BTCV classes:  
- spleen
- right kidney
- left kidney
- gallbladder
- esophagus
- liver
- stomach
- aorta
- inferior vena cava
- portal vein and splenic vein
- pancreas
- right adrenal gland
- left adrenal gland

AMOS classes:
- spleen
- right kidney
- left kidney
- gallbladder
- esophagus
- liver
- stomach
- aorta
- inferior vena cava
- pancreas
- right adrenal gland
- left adrenal gland
- duodenum
- bladder
- prostate/uterus

Total Segmentator classes: Includes all the classes from BTCV & AMOS

It is decided to do the intersection of the three datasets, not the union.
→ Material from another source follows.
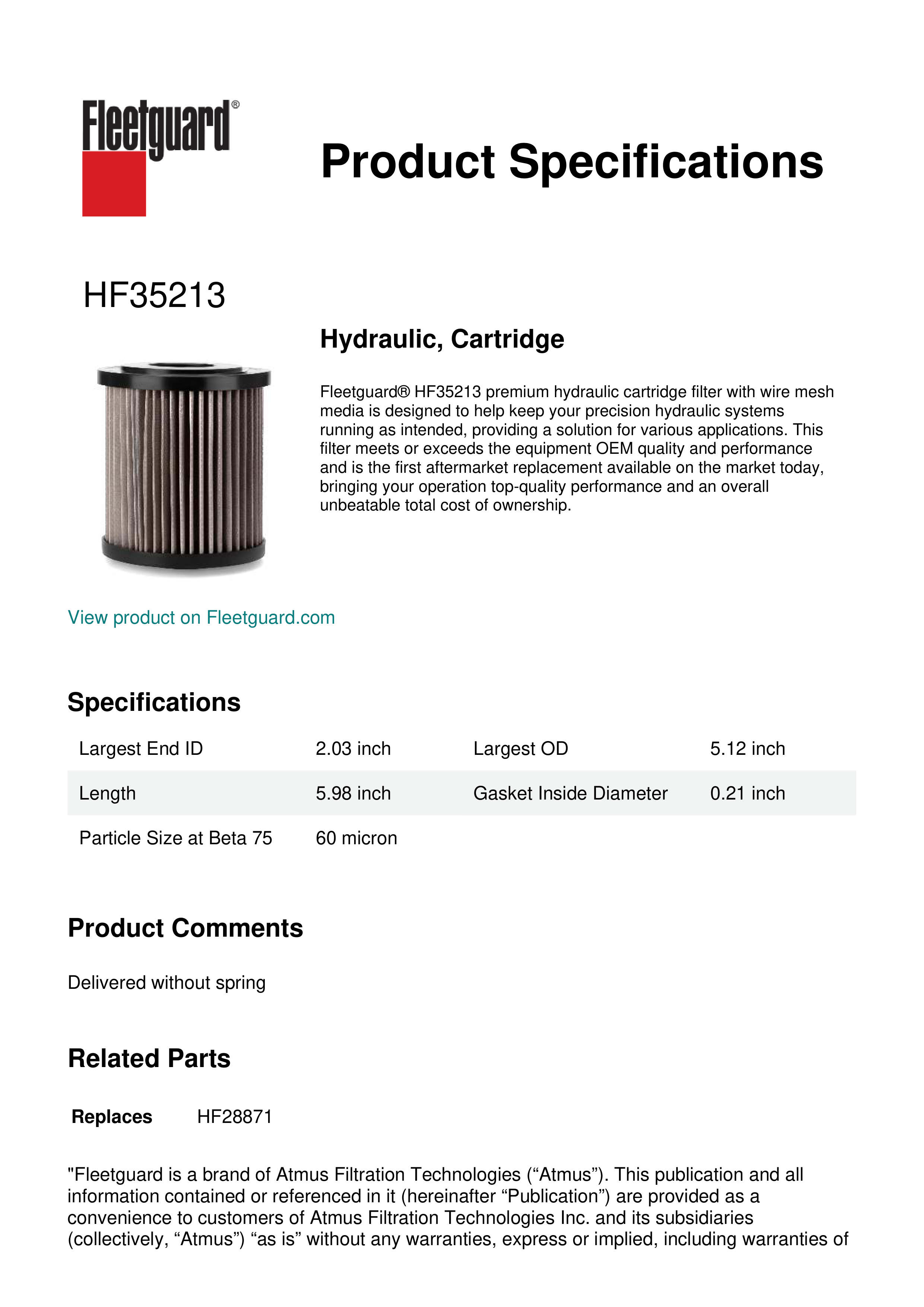 Fleetguard® HF35213 premium hydraulic cartridge filter with wire mesh media is designed to help keep your precision hydraulic systems running as intended, providing a solution for various applications. This filter meets or exceeds the equipment OEM quality and performance and is the first aftermarket replacement available on the market today, bringing your operation top-quality performance and an overall unbeatable total cost of ownership.Specification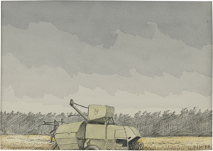 In dieser charmanten, frühen Zeichnung erfasst Koeppel in typischer Manier unter weitem Himmel einen so alltäglichen Gegenstand wie einen Mähdrescher. Äußerst akribisch und detailliert dargestellt, schwingt hier womöglich eine gewisse ironische Auffassung mit, die sich in der Ähnlichkeit des Mähdreschers mit einem Panzer zeigt.

This implies a reduced number of classes, but also a better generalization of the future model. Therefore, it is necessary to remove the not included masks from the labels of the datasets. Hence, the intersection includes classes:
- spleen
- right kidney
- left kidney
- gallbladder
- esophagus
- liver
- stomach
- aorta
- inferior vena cava
- pancreas
- right adrenal gland
- left adrenal gland

In [1]:
import matplotlib.pyplot as plt
import nibabel as nib
import numpy as np
import os
import shutil
from tqdm import tqdm
import pandas as pd

Pyarrow will become a required dependency of pandas in the next major release of pandas (pandas 3.0),
(to allow more performant data types, such as the Arrow string type, and better interoperability with other libraries)
but was not found to be installed on your system.
If this would cause problems for you,
please provide us feedback at https://github.com/pandas-dev/pandas/issues/54466
        
  import pandas as pd


<h2>TotalSeg</h2>

In [None]:
accepted_masks = {'spleen.nii.gz':1, 'kidney_right.nii.gz':2, 'kidney_left.nii.gz':3, 'gallbladder.nii.gz':4, 'esophagus.nii.gz':5, 'liver.nii.gz':6, 'stomach.nii.gz':7, 'aorta.nii.gz': 8, 'inferior_vena_cava.nii.gz':9, 'portal_vein_and_splenic_vein.nii.gz':10, 'pancreas.nii.gz':11, 'adrenal_gland_right.nii.gz':12, 'adrenal_gland_left.nii.gz':13}

In [2]:
metadata = pd.read_csv('/home/nalvarez/data_analysis/totalseg/totalseg_metadata_def.csv')

In [11]:
scans_dir = "/data/TotalSeg_raw/"

scan_names = sorted(os.listdir(scans_dir))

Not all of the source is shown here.